Statistical analysis was performed using SPSS, version 24. Normality of distributions were tested using Shapiro-Wilk test. Categorical data are expressed as counts (percentages), and continuous variables as mean ± SD or median (range), as appropriate. Mean difference (MD) ± SD was calculated from each group substracting the measured values of two different observers divided by the number of subjects measured in the respective group. Comparisons between groups were performed using Student t-test or one-way ANOVA for normally distributed variables, and chi2 and Mann-Whitney test for non-normally distributed variables. Fischer’s exact tests were used to compare proportions. Inter- and intra-observer variability was computed using the intra-class correlation coefficients (ICC) using a two-way mixed model with absolute agreement between measures and coefficient of variance (CV) and the Bland-Altman plots. Effect size between controls and patients based on GLS was assessed Cohen’s D as well as using receiver operating characteristic (ROC) curve analysis and calculation of the area under the curve (AUC); AUCs pre and after standardisation were compared using z-test statistics. Cohen’s D were calculated comparing the mean GLS values and the standard deviations pre- and poststandardization with the respective control group. The AUCs were calculated by integration of the graph produced by drawing the sensitivity of GLS on the y-axis and 1-specificity on the x-axis in terms of discriminating between health and disease. All tests were two-tailed and p-values <0.05 were considered statistically significant.

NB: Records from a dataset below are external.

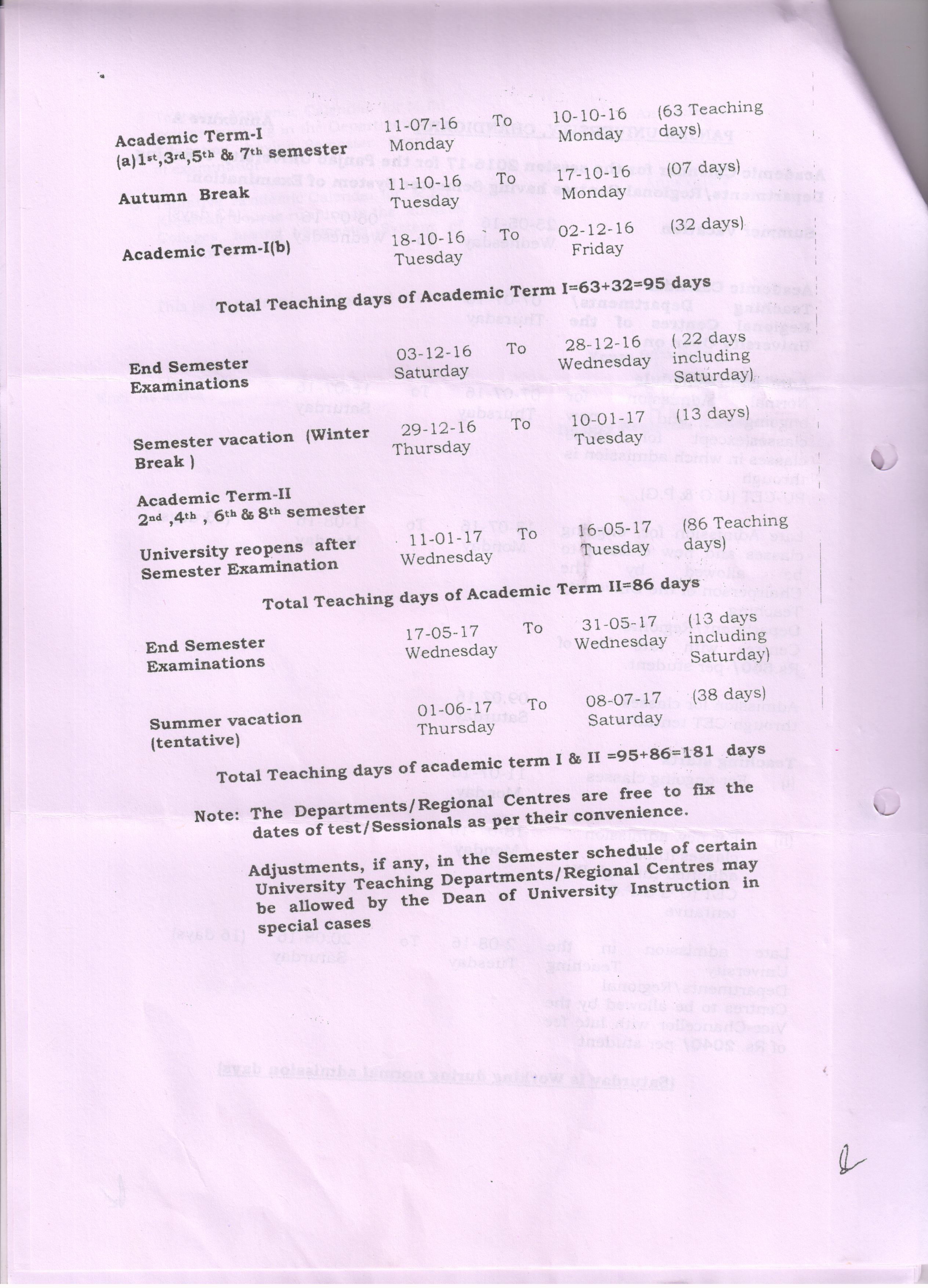 Academic Calender
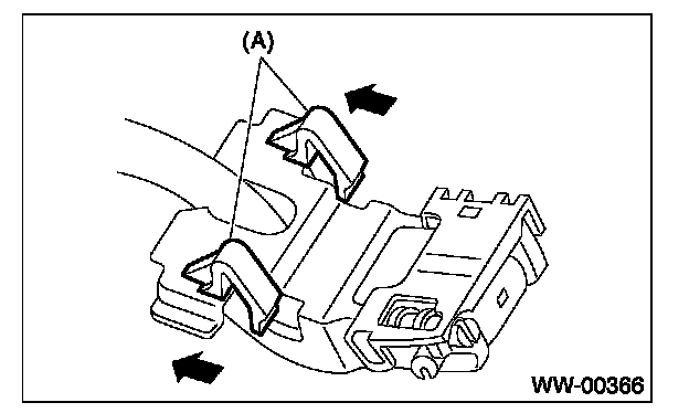 2. Hold the claw (A) of the washer nozzle towards the direction of the arrow, and remove the washer nozzle.
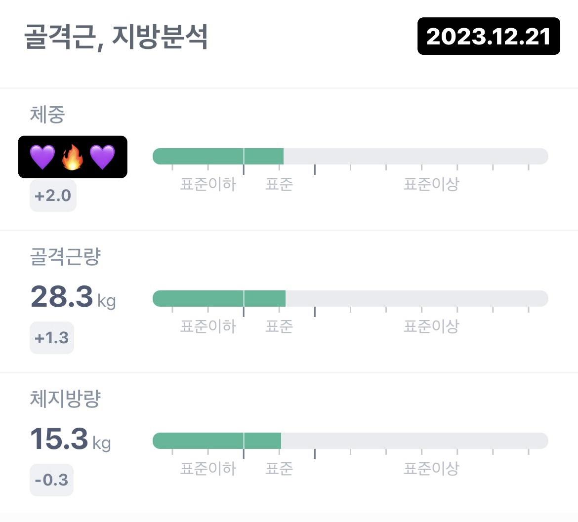 매일 눈바디 확인할 때마다 허리 군살이 다시 야금야금 느는 걸 봤지만... 운동하면 유지되겠지. 하는 안일한 생각으로 2주를 살았다. 그리고 결국 2kg가 쪘다. 다행인 건 먹은 게 다 근육으로 간 듯. 근육이 +1.3kg 찌고 체지방이 -0.3kg 빠졌다. 꾸준한 운동 덕분에 양심의 가책 50% 감면^^.

Baseline characteristics are displayed in Table 1. The final analysis included 44 subject cases: 15 patients with IHD and regional wall motion abnormalities, 19 patients with NIDCM and 10 healthy controls. Quantitative analysis was not diagnostic in 12 subjects, whereas in 17(39%) subjects 1 ROI had to be discarded. The results of GLS measurements before and after standardization are provided in Table 2 for both vendors. There were significant differences between controls and all patients, as well as patient subgroups, in most CMR measurements, as well as GLS (p < 0.005) (summarised in Table 2); these differences were accentuated through standardization procedures, as shown by significant increase in Cohen D’s and AUCs (Fig. 3, Table 3). The benefit of standardization was also evident through improved CV and ICC agreements between observers and the different vendors. Results of Bland Altman analyses for inter-and intraobserver reproducibility for both vendors prior to and after standardization are displayed in Table 2 (plots Figs. 4, 5 and 6). Limits of agreement and the coefficient of variation were reduced after standardization within each vendor, albeit more strongly for interobserver than intraobserver agreement (p = 0.03 vs <0.001, respectively) and more for MEDIS than CVI42 (Medis: p < 0.000; CVI42: p < 0.028).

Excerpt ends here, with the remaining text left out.